Fig. 3.19 The basf2 logo.#
Pragmatically, you will encounter two separate objects named basf2
.
It is both a command-line executable which you can invoke, and a python
module from which you import functions.
You will soon be running commands that look like:
basf2 myScript -i myInputFile.root
… and inside the scripts you might see code like:
Core concepts#
There are some concepts we use in basf2, which you will definitely need to understand. These are:
basf2 module,
path,
package,
steering script / steering file.
Most of the other jargon terms we use are generic software development terms (so you can search the internet). A good place to look for Belle II-specific jargon is the Belle II Glossary.
Exercise
Find the Belle II Glossary (again).
Hint
Solution
basf2 modules#
A basf2 module is a piece of (usually) C++ code that does a specific “unit” of data processing. The full documentation can be found here in this website under the section Modules and Paths.
Warning
It is an unfortunate clash of naming that python uses the word “module” for a separate concept. In these tutorials we will always specify python module (and basf2 module) if there is ambiguity.
Path#
A basf2 path is an ordered list of modules that will be used to process the
data.
You can think of building a path by adding modules in a chain.

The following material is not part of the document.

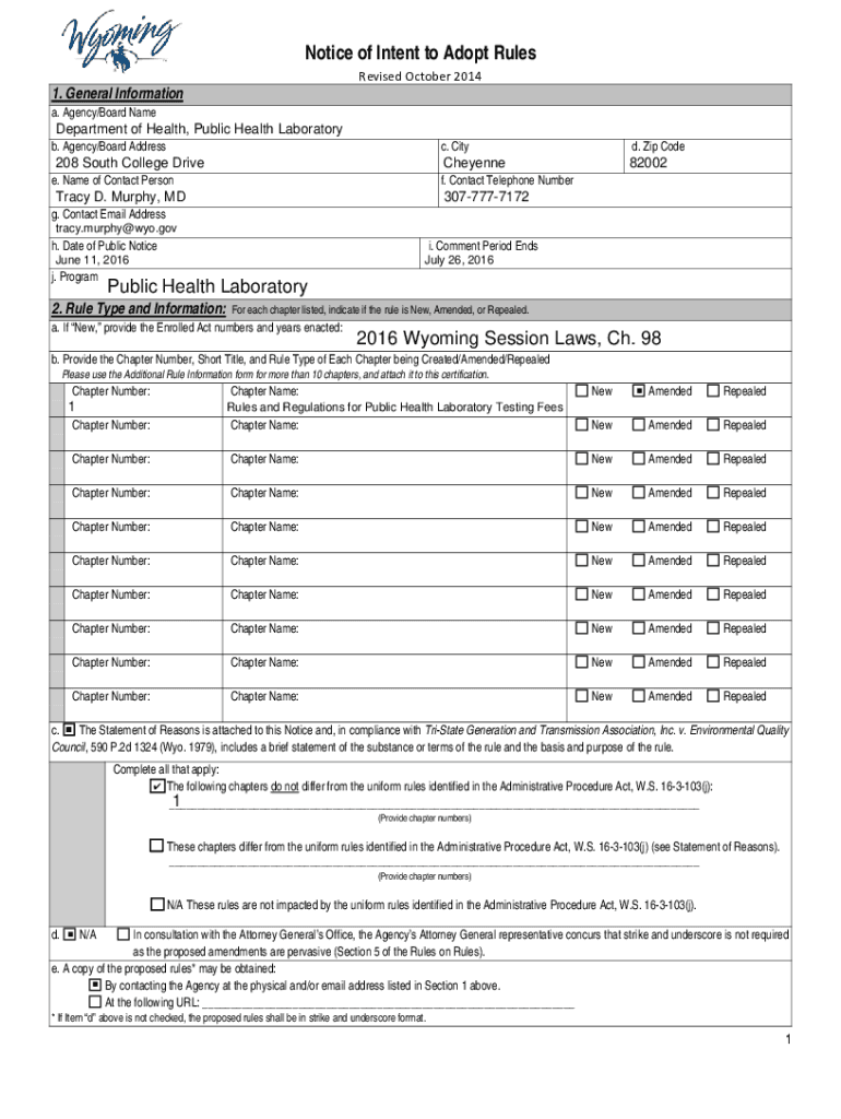 Notice of Intent to Adopt Rules Revised October 20141. General Information a. Agency/Board NameDepartment of Health, Public Health Laboratory b. Agency/Board Address208 South College Drive e. Name

It is a python object: basf2.Path
.
Warning
A common misconception is that adding modules to a path is processing data. This is not true, you will prepare your path for data-processing by adding modules. The event-loop starts when you process your path.
Exercise
Find a diagram of a path with modules in this documentation.
Hint
Solution
Package#
A package is a logical collection of code in basf2. A typical package has several modules and some python scripts which configure paths to do common things.
You will encounter some basf2 packages in these lessons. We try to give them meaningful names (tracking, reconstruction, …) or name the package after the subdetector that they are related to (ecl, klm, cdc, top, …).
During these lessons, you will mostly interact with the analysis package. You will meet this at the end of this lesson.
Exercise
Find the source code and find a list of all packages.
Hint
Solution
Steering#
A steering file or a steering script is some python code that sets up some
analysis or data-processing task.
A typical steering file will declare a basf2.Path
, configure basf2 modules,
and then add them to the path.
Then it will call basf2.process
and maybe print some information.
We use the word “steering” since no real data processing is done in python.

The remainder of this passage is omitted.